PROBLEM STATEMENT – Each line of the data must reappear exactly in your answer, with no images included.

SOURCE MATERIAL –
────────────────────

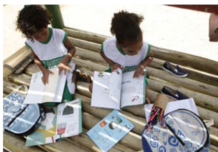
Brazil backpack program
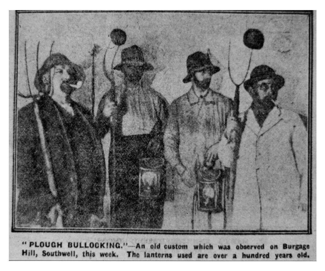
PLATE 2. A non-play Plough Monday Custom : Plough Bullocks from Southwell.

The photograph shows four men of uncertain age dressed in agricultural fashion with pitchforks, slouch hats and clay pipes, etc. At least three appear to have beards, although they may be artificial, and one or perhaps two seem to have darkened faces. Two are carrying old waggoners' lanterns, one of whom appears to be wearing a smock-frock and the other a dairyman's white coat. Two of the pitchforks bear objects that look like swedes or mangels which are probably face lanterns, for which there is a precedent at Ruddington. (Nottinghamshire Archives, 1960, DD121/58).

────────────────────

SOLUTION BELOW –
Brazil backpack program
PLATE 2. A non-play Plough Monday Custom : Plough Bullocks from Southwell.

The photograph shows four men of uncertain age dressed in agricultural fashion with pitchforks, slouch hats and clay pipes, etc. At least three appear to have beards, although they may be artificial, and one or perhaps two seem to have darkened faces. Two are carrying old waggoners' lanterns, one of whom appears to be wearing a smock-frock and the other a dairyman's white coat. Two of the pitchforks bear objects that look like swedes or mangels which are probably face lanterns, for which there is a precedent at Ruddington. (Nottinghamshire Archives, 1960, DD121/58).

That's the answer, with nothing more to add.